The yellow line shows the real data;
The green line was created based on Prophet output;
The red line - the maximum disk capacity. We already increased it twice.

We have a service running in Kubernetes that does all the toil, and we created an environment for other metrics. We have the place where we collect metrics from Thanos and expose them in the required format to Grafana. If we find the right metrics for accounting other resources like IO, CPU or other systems like Kafka we can easily add them to our framework. We can easily replace Prophet with another algorithm, and we can go back months and evaluate how close we were in our prediction according to the real data.
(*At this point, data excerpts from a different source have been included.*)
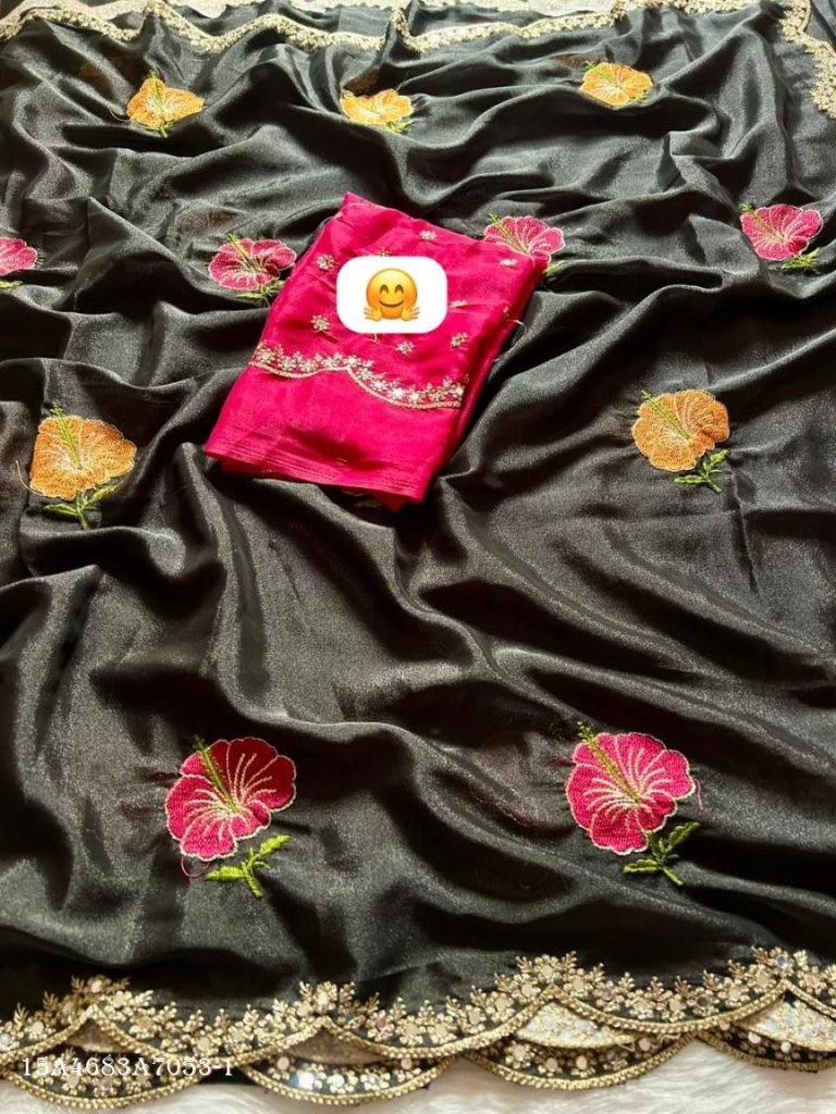 Elegant soft Rangoli silk saree featuring exquisite all-over embroidery with beautiful floral design, enhanced with real mirror work and a designer cutwork border.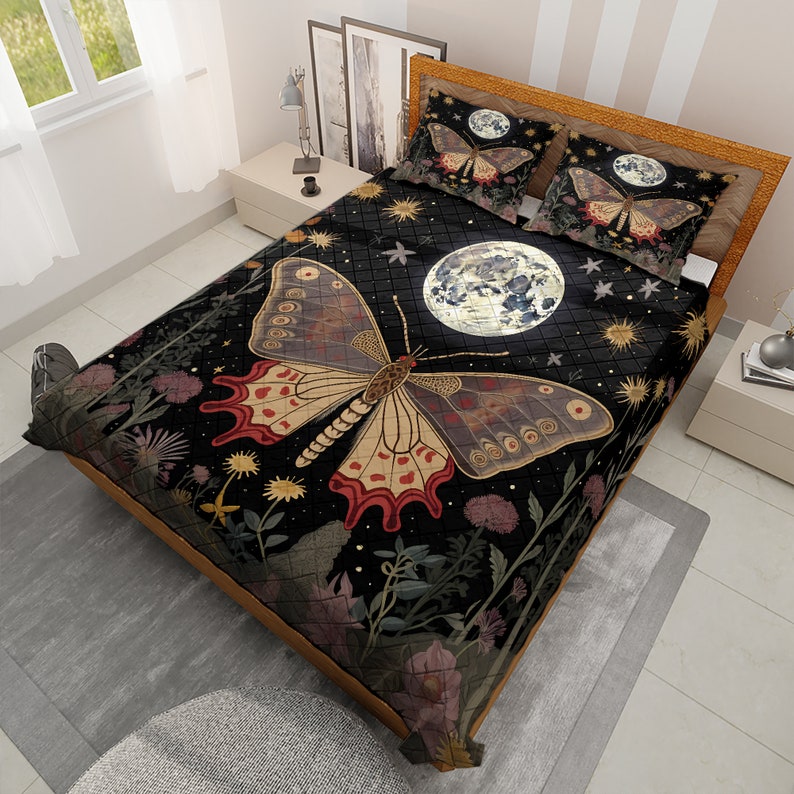 Celestial Moon & Butterfly Vintage Bedding Set: This bedding set features a vintage design featuring a moon and butterfly motif. The pattern combines these elements in a unique and decorative way, adding a special touch to your bedroom d?cor.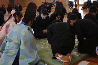 2畳のたたみの上に取り札を並べ、学年・男女の混合グループで競います。前半が終わったところで、取った枚数順にグループを再編成し、さらに競い合います。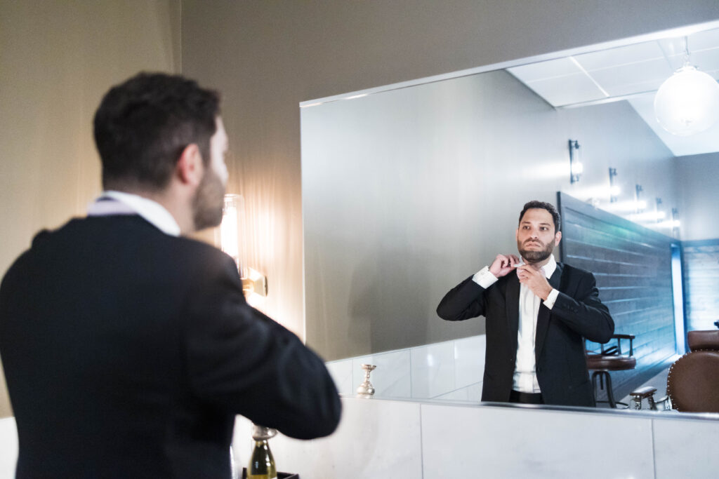 Once hair and makeup were done, they headed over to  Equestria West to get dressed and do the first look and more photos. One thing we absolutely love about this wedding is the attention to detail. Everything from the groom’s bowtie, to the table decorations, to the colors of the wedding party.

With this automation we were able to spot we were going out of disk space for a couple of clusters which we didn’t expect. We have over 20 clusters and have updates for all of them every day. This dashboard is used not only by our colleagues who are direct customers of ClickHouse but by the team who makes a plan for buying servers. It is easy to read and costs none of developers time.

This project was carried out by the Core SRE team to improve our daily work. If you are interested in this project, check out our job openings.

We didn’t know what we would get at the end, we discussed, looked for solutions and tried different approaches. Huge thanks for this to Nicolae Vartolomei, Alex Semiglazov and John Skopis.